- _TASK DETAILS_
Set down, word for word, every line of the material below from the one containing "Printed sweatshirts with" through the one containing "Kính mời các", but none of its pictures.

- _SOURCE INFORMATION_
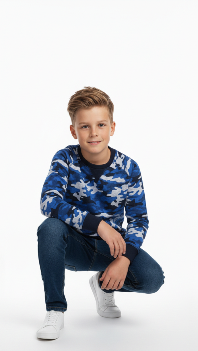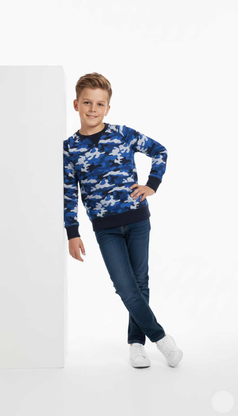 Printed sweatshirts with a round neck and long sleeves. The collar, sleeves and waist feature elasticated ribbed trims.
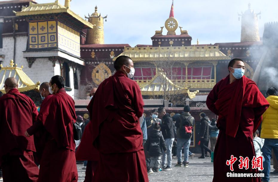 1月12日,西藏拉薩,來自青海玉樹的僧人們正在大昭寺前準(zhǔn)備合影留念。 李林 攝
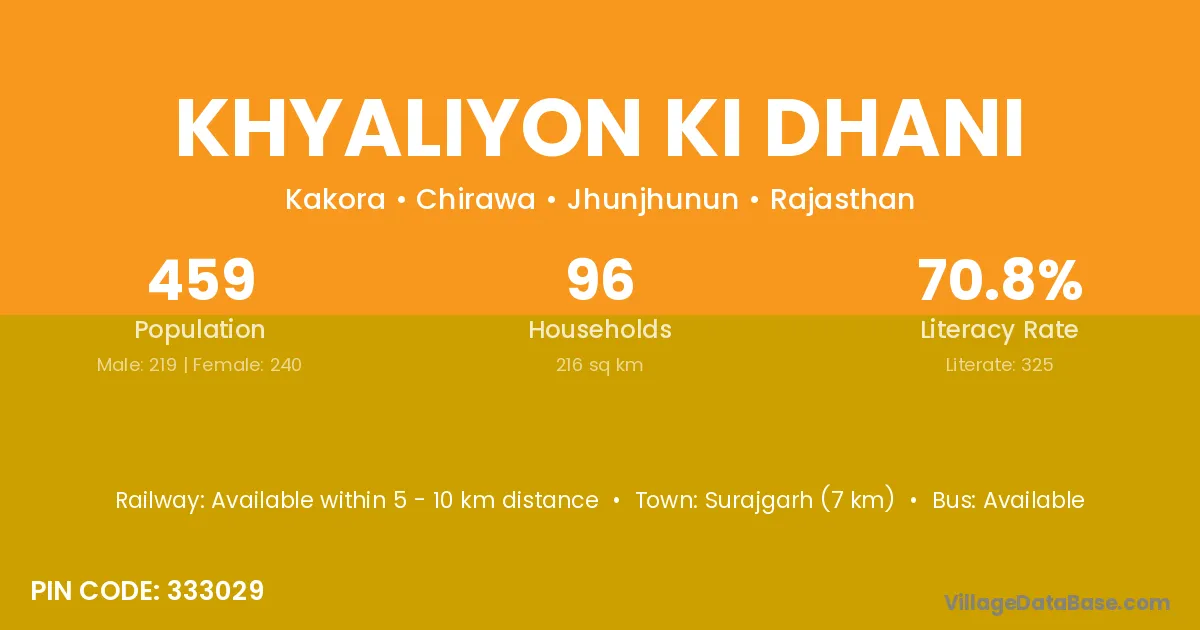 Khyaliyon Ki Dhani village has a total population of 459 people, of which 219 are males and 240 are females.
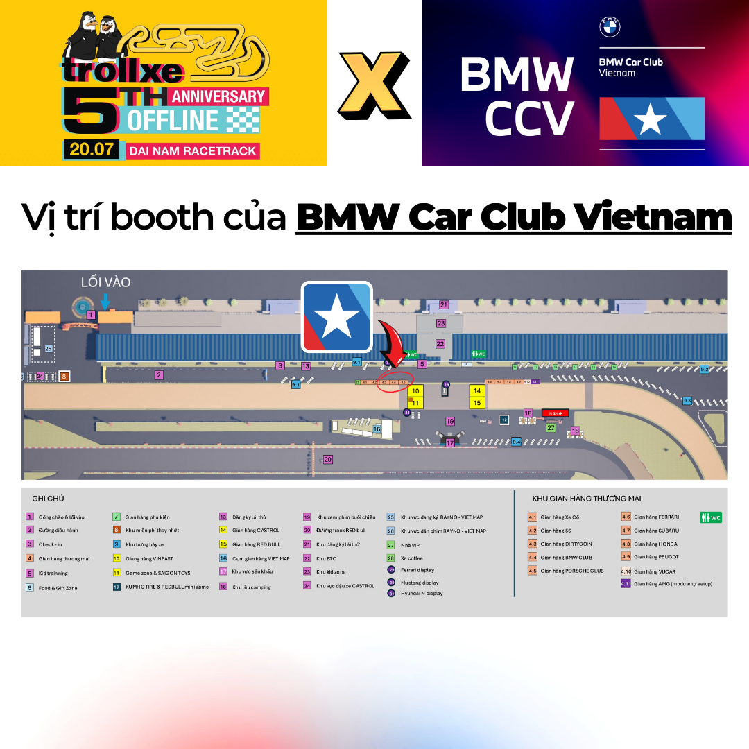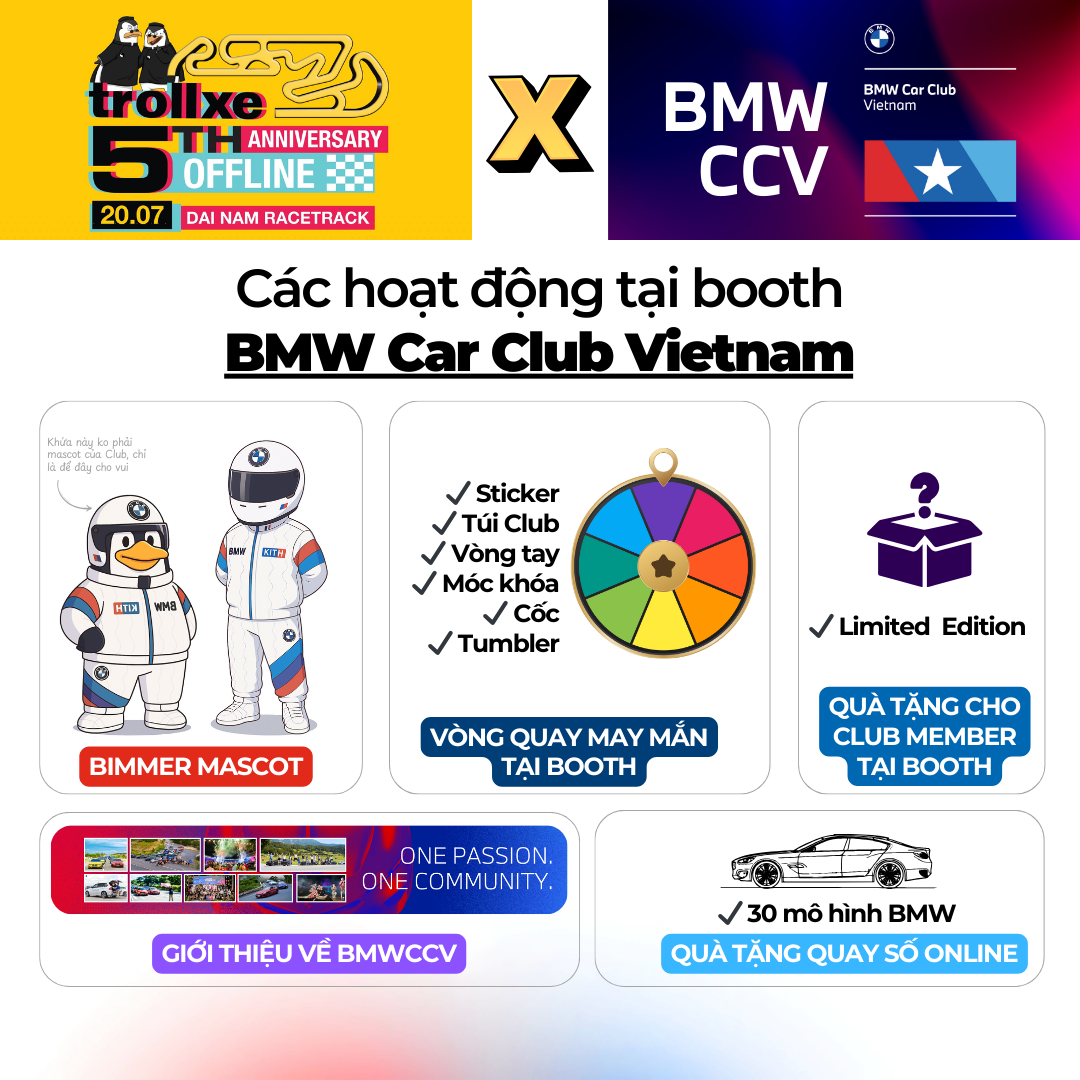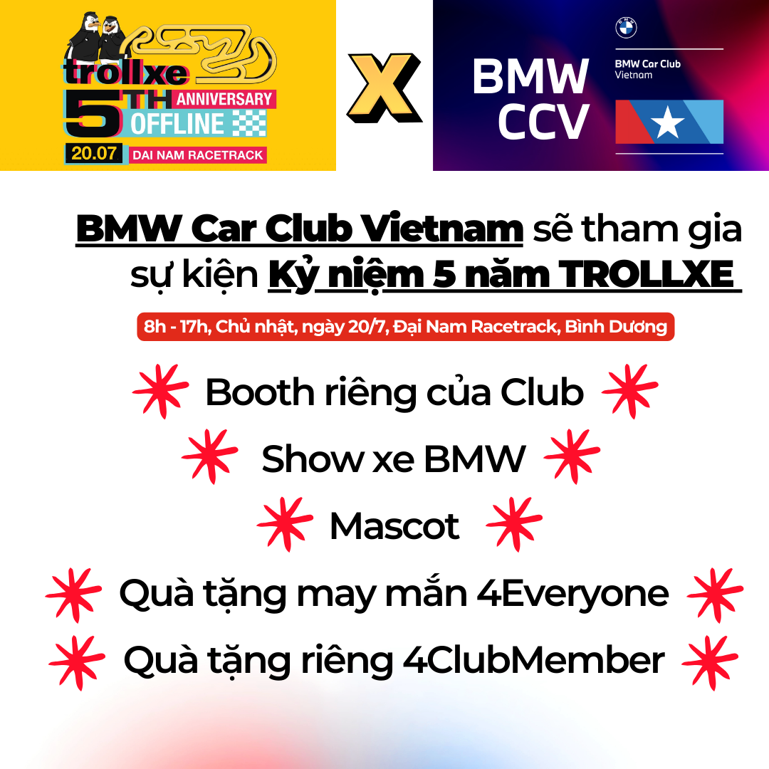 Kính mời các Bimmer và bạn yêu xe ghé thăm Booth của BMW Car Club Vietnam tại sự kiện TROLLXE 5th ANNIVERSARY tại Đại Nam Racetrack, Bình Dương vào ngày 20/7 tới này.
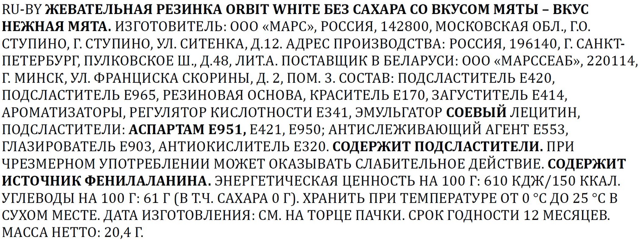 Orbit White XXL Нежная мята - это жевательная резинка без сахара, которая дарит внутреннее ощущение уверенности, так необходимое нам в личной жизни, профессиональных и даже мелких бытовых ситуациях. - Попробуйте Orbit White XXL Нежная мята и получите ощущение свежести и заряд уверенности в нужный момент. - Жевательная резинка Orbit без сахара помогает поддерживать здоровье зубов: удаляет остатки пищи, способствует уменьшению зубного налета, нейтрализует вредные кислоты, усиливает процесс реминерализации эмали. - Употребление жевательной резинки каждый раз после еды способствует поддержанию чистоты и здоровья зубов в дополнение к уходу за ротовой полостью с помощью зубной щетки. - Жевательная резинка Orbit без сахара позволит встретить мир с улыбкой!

---

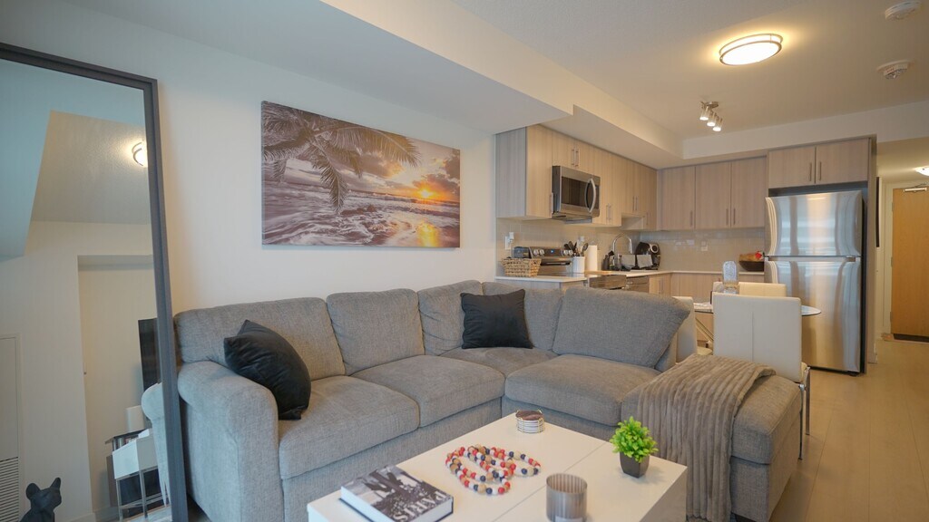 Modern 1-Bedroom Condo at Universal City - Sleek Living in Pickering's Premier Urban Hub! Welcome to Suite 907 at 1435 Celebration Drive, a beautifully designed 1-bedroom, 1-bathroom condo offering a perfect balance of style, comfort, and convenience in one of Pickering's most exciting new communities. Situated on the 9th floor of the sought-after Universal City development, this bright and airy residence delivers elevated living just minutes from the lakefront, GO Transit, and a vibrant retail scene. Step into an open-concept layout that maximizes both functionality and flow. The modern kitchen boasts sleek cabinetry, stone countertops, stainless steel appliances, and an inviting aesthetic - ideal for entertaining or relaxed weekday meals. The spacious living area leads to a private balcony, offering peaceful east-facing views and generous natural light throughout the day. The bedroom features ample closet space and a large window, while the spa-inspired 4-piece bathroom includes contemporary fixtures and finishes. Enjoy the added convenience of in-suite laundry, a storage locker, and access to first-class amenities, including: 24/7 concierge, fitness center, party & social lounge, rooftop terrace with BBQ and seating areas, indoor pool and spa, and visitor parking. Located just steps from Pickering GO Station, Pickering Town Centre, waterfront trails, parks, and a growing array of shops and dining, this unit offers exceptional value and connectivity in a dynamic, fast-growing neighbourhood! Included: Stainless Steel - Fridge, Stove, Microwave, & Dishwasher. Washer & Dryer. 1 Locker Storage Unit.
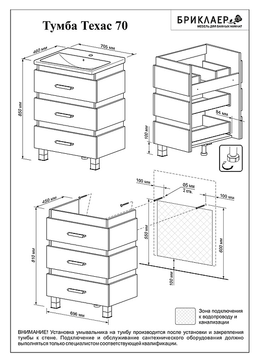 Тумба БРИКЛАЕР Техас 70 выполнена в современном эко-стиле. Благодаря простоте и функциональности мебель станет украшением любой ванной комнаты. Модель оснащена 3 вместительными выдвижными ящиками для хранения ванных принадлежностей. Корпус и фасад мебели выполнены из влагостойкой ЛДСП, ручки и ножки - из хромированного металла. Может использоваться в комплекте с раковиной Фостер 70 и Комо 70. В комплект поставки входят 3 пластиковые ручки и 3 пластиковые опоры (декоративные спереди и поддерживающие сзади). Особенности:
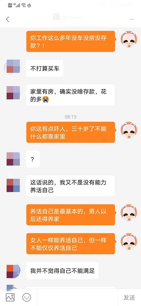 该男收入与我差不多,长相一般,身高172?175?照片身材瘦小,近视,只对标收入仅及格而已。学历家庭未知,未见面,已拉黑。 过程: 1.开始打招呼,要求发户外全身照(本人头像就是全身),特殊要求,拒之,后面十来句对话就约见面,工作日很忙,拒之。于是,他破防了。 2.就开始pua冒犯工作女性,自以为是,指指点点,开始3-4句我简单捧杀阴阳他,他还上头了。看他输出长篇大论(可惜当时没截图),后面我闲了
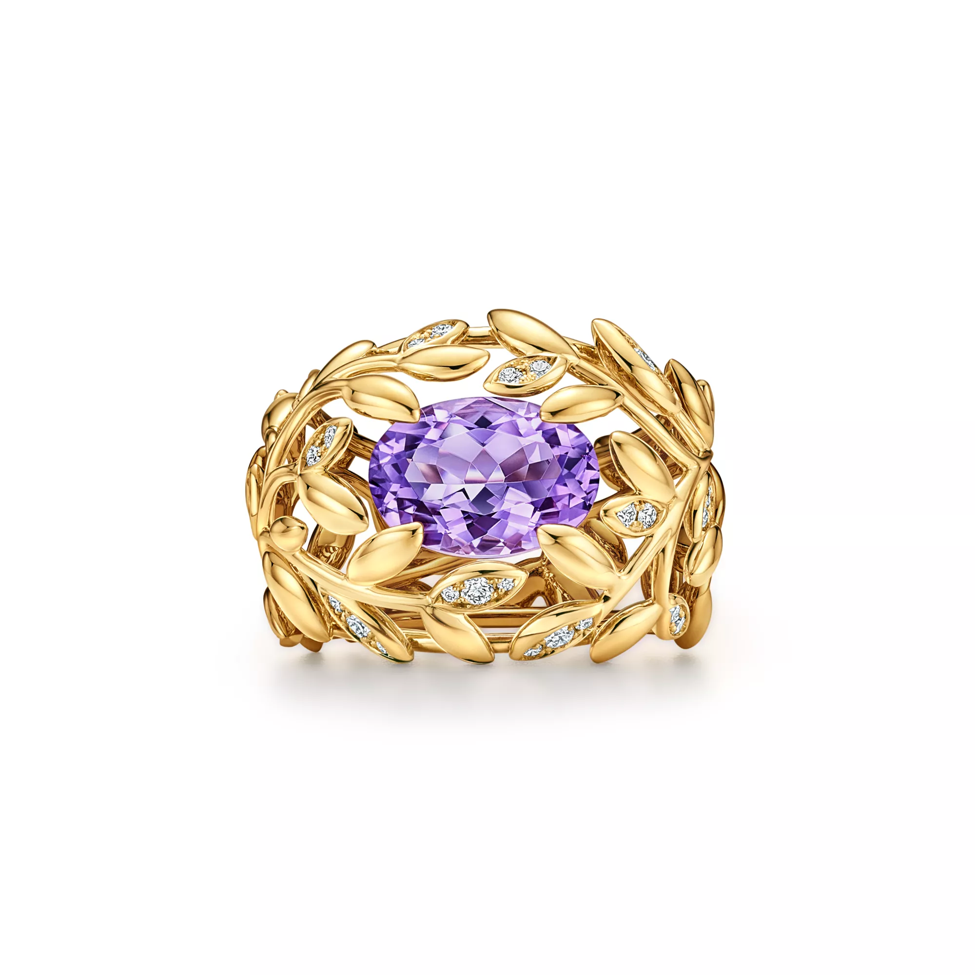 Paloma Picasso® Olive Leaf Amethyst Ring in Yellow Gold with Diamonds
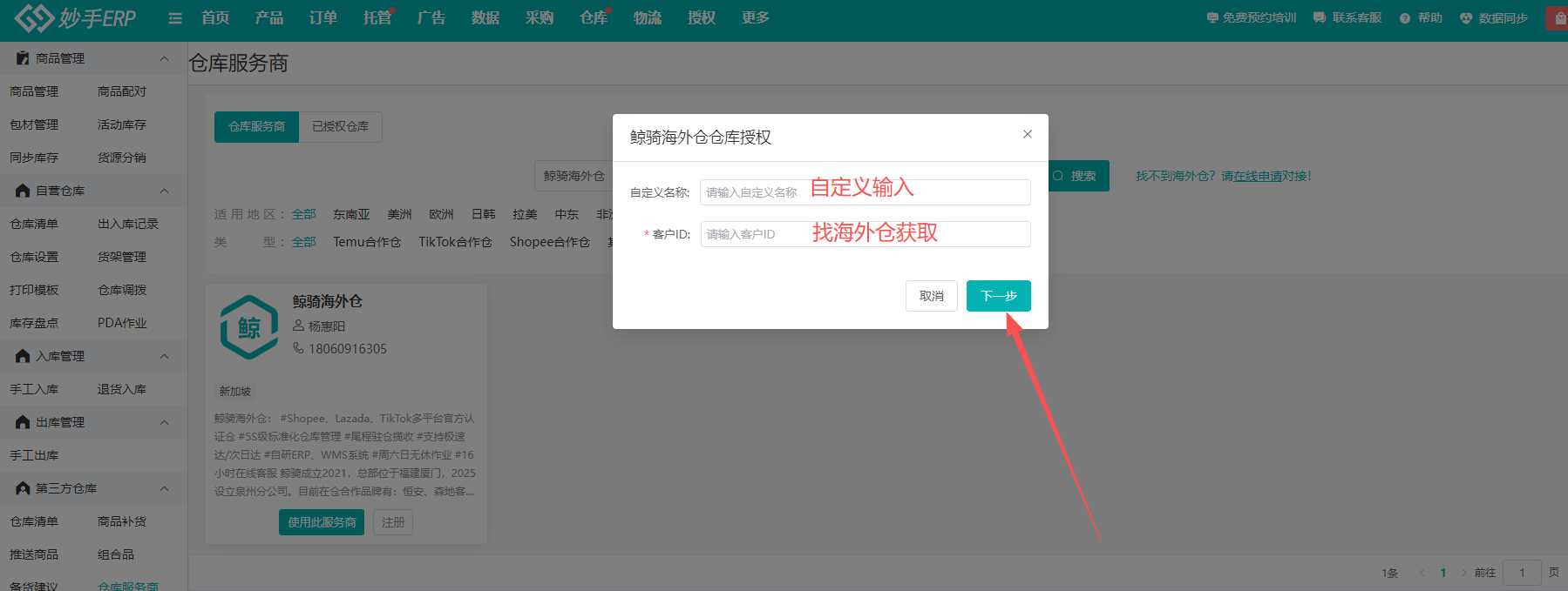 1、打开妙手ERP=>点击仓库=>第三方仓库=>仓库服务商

==

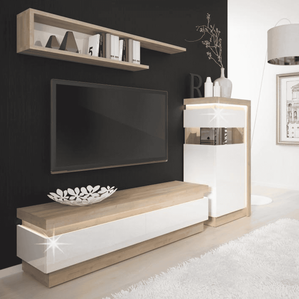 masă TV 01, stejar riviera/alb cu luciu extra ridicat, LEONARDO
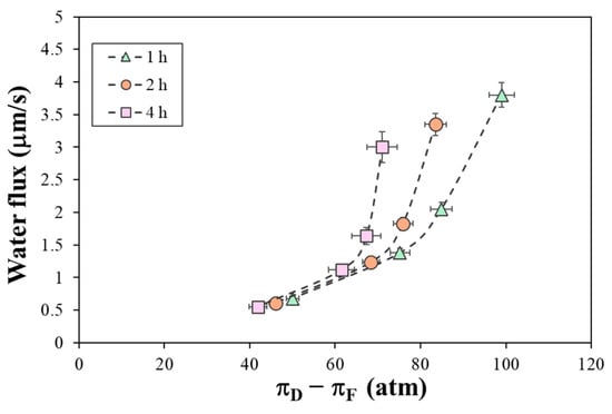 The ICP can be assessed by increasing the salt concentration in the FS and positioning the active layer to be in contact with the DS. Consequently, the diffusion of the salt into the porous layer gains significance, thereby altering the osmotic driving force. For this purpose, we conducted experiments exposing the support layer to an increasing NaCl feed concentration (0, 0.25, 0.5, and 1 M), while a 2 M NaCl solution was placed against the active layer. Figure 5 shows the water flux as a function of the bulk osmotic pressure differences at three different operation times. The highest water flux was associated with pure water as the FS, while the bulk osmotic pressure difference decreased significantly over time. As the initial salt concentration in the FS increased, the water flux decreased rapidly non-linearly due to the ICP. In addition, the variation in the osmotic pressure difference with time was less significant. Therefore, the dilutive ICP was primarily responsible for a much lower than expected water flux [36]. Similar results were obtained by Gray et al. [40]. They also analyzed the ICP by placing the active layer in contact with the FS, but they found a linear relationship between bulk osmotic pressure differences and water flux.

- _REPLY_
 Printed sweatshirts with a round neck and long sleeves. The collar, sleeves and waist feature elasticated ribbed trims.
 1月12日,西藏拉薩,來自青海玉樹的僧人們正在大昭寺前準(zhǔn)備合影留念。 李林 攝
 Khyaliyon Ki Dhani village has a total population of 459 people, of which 219 are males and 240 are females.
 Kính mời các Bimmer và bạn yêu xe ghé thăm Booth của BMW Car Club Vietnam tại sự kiện TROLLXE 5th ANNIVERSARY tại Đại Nam Racetrack, Bình Dương vào ngày 20/7 tới này.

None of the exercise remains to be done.